Quantilizers maximize expected utility subject to a conservative cost constraint
post by Jessica Taylor 790 days ago | Abram Demski, Patrick LaVictoire and Stuart Armstrong like this | 3 comments

Summary: this post reframes ideas from “Learning a concept using only positive examples” and “The AI, the best human advisor” in terms of a strong constraint for conservative behavior, and shows that quantilizers are optimal under this constraint.

## Defining a quantilizer

A $$q$$-quantilizer is an agent that, when faced with a decision problem, gives a random action in the top $$q$$ proportion by expected utility.
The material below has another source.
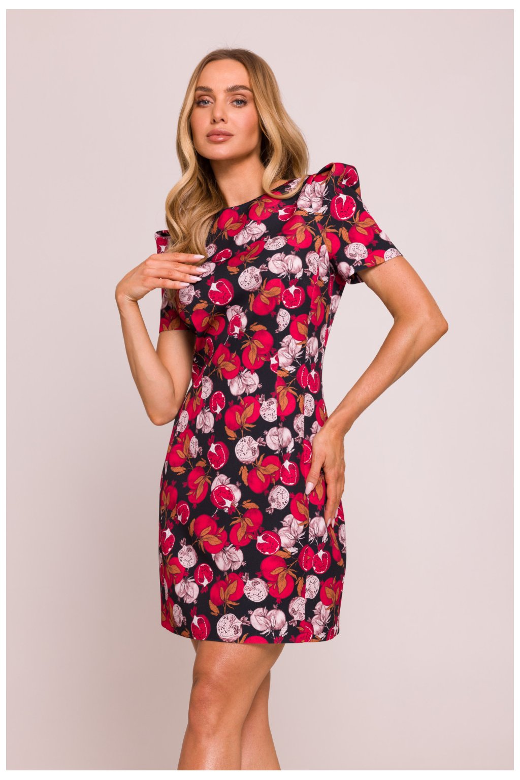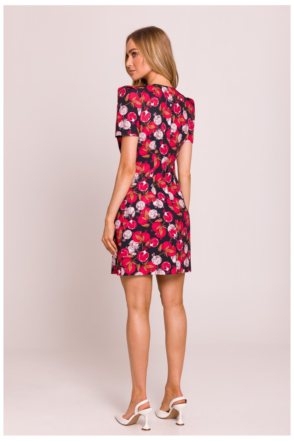 Elegantní a ženské mini šaty vyrobené z vysoce kvalitní látky s květinovým potiskem. Model zdůrazňuje pas díky jemným prošíváním a krátké rukávy na polštářcích jí dodávají výjimečný charakter. Šaty se zapínají vzadu na skrytý zip, co zajišťuje pohodlné nošení a estetické provedení. Chybějící podšívka zajišťuje, že jsou lehké a ideální na teplé dny. Celý kousek byl navržen a ušit v Polsku s důrazem na každý detail.Polyester 95 %

More formally, let $$A$$ be the action set and $$p_A$$ be some distribution over actions. For any $$0 < q \leq 1$$, a $$q$$-quantilizer returns an action $$a$$ with probability

$P(a) = 0 \text{ if } \sum_{a' \in A} p_A(a') [ E[U(a', W)] > E[U(a, W)] ] > q$ $P(a) = p_A(a) / q \text{ if } \sum_{a' \in A} p_A(a') [ E[U(a', W)] \geq E[U(a, W)] ] < q$ $P(a) = \frac{1}{q}\frac{p_A(a)}{\sum_{a' \in A, a' \text{ also falls into this case}} p_A(a')} \left( q - \sum_{a' \in A} p_A(a') [ E[U(a', W)] > E[U(a, W)] ]\right) \text{ otherwise}$

where $$U$$ is the quantilizer’s utility function. The weird logic in the third case is necessary for handling ties; the details are not especially important. Naturally, a 0-quantilizer is just a maximizer. A 0.5-quantilizer (which we could also call a 50-percentilizer) samples a random above-average action, a 0.01-quantilizer samples a random action in the top 1%, and a 1-quantilizer samples a random action from $$p_A$$.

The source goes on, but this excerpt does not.